How Does GPT-4o Encode Images?

Experiments on GPT‑4o Image Encoding

  • Commenters like the 7×7 colored‑shape grid test; similar experiments with 512×512 images found that an “85‑token” image can yield more text than 85 text tokens.
  • People confirm the article’s observation that models can extract >170 text tokens worth of information from a single image and see this as a potential context‑window optimization.

How Images Might Be Tokenized

  • Several hypotheses: CNN pyramid with 13×13 feature tiles, ViT‑style encoders, or VQGAN/VQVAE compressing 512×512 into ~13×13 image tokens.
  • Others suggest a separate vision encoder that projects tiles into the same embedding space as text tokens (CLIP/LLava‑style).
  • Debate over whether image “170 tokens” is real tokens vs an accounting approximation; most assume they do become tokens so attention can work.

Image Generation and Multimodality

  • Some argue GPT‑4o must have native image tokens because its claimed image‑generation and fine control surpass what prompting a separate text‑to‑image model could do.
  • Others note current ChatGPT behavior still looks like it’s calling DALL·E; there’s disagreement and no definitive proof in the thread.

OCR Performance and Failure Modes

  • Multiple reports of excellent OCR on single pages but severe hallucinations on large or multi‑page images, likely due to downscaling/tiling limits.
  • Users respond by splitting PDFs into page images and feeding them separately; some are building pipelines around this.

Documentation, Resizing, and Tiling Concerns

  • Strong frustration at limited, vague documentation about image handling, especially resizing thresholds, tiling behavior, and how cross‑tile content is treated.
  • OpenAI’s stated low/high‑resolution modes (e.g., 1024 vs 2048 with tiling) help, but many practical questions remain “unclear.”

Use of External OCR and Tesseract Debate

  • One claim in the article that Tesseract might be in the loop is widely doubted; commenters cite Tesseract’s poor accuracy on handwriting, distortion, and complex layouts.
  • Others say combining a rough OCR output with an LLM can improve overall OCR; one anecdote mentions an internal error referencing a Tesseract script.
  • Some expect any OCR component to be a modern, in‑house model if used at all.

Tokens, Embeddings, and Future Directions

  • Discussion clarifies: text tokens use a lookup table for input embeddings, but images can be mapped by any learned encoder.
  • Debate on whether image tokens share the same vocabulary as text, or are marked by “mode” tokens.
  • Several speculate that future systems may move from discrete tokens toward more flexible, variable‑length embeddings.

OCR Tools and Ecosystem

  • Many note that dedicated cloud OCR APIs outperform open‑source tools and current vision LLMs on reliability and structured extraction, especially for tables.
  • Open‑source alternatives mentioned as better than Tesseract include PaddleOCR, SuryaOCR, Doctr, and some multimodal LLMs; experiences vary from “disappointing” to “remarkably good.”
  • There is a strong call for a modern, open‑source, non‑LLM OCR system, including for handwriting.

Hallucinations, Reliability, and Use Cases

  • Commenters stress that image LLMs can confidently hallucinate plausible but false content, making them risky for data journalism or high‑stakes workflows without verification.
  • Suggested stance: treat them like fallible human workers; design processes that detect or tolerate errors, or avoid them where that’s impossible.

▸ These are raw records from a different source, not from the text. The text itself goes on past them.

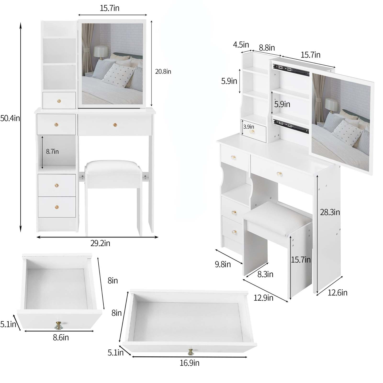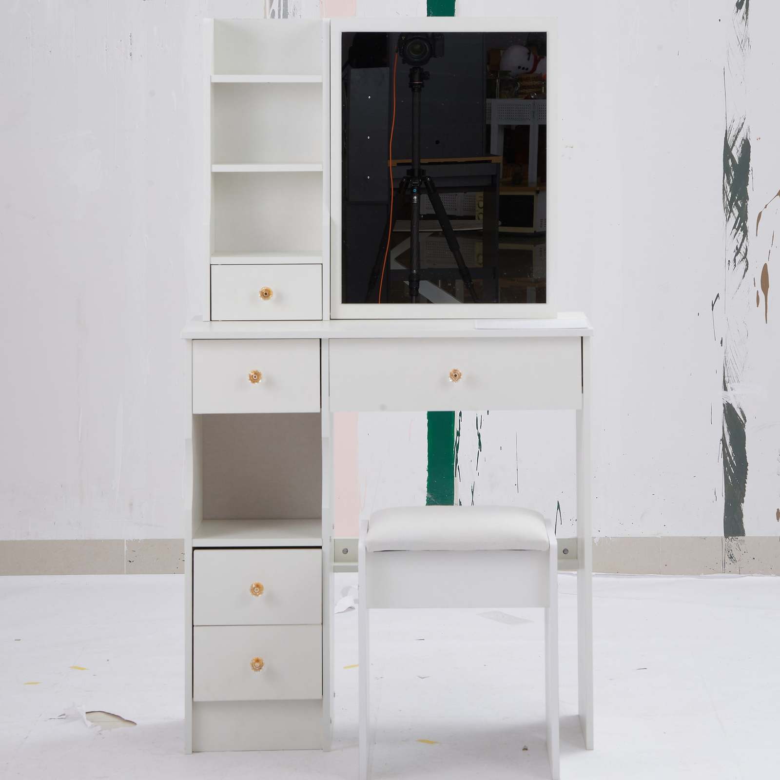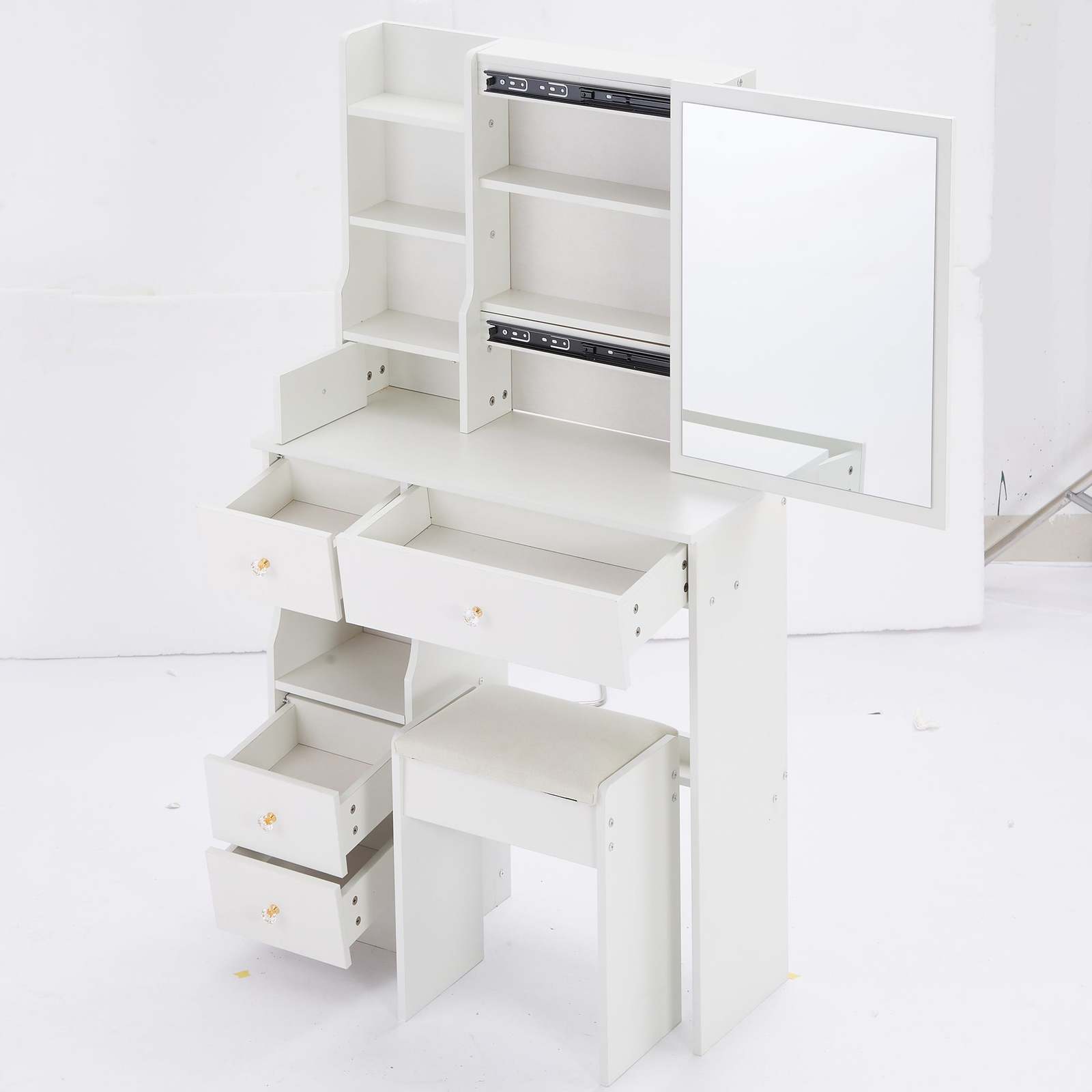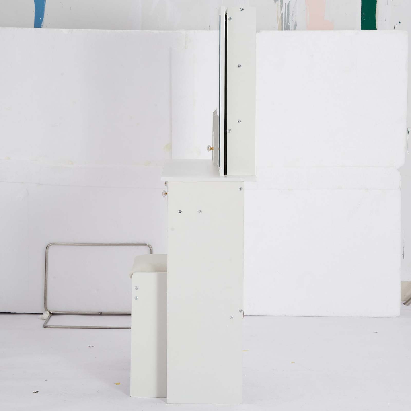 [Includes a padded dressing table stool]: The packaging includes a dressing table and a padded stool. You will no longer need to make additional purchases. This will greatly save you time and delivery cost.
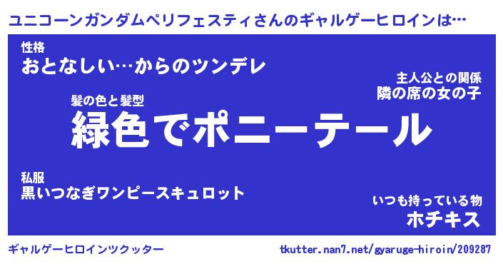 | 意味不明あだ名 | 『ペロリンユニコーンガンダムペリフェスティ』 |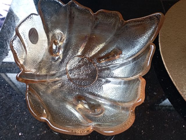 vendo bel soprammobile a forma di foglia in vetro da usare anche come posaoggetti o caramelle

Cost, Arbitrage, and Practical Workarounds

  • The article’s point that sending text as an image can be cheaper in tokens prompts talk of “arbitrage” by API wrappers, though added image‑generation overhead might erase benefits.
  • Some are curious whether response time scales with textual content inside the image, which could indicate hidden OCR steps, but this remains untested and unclear.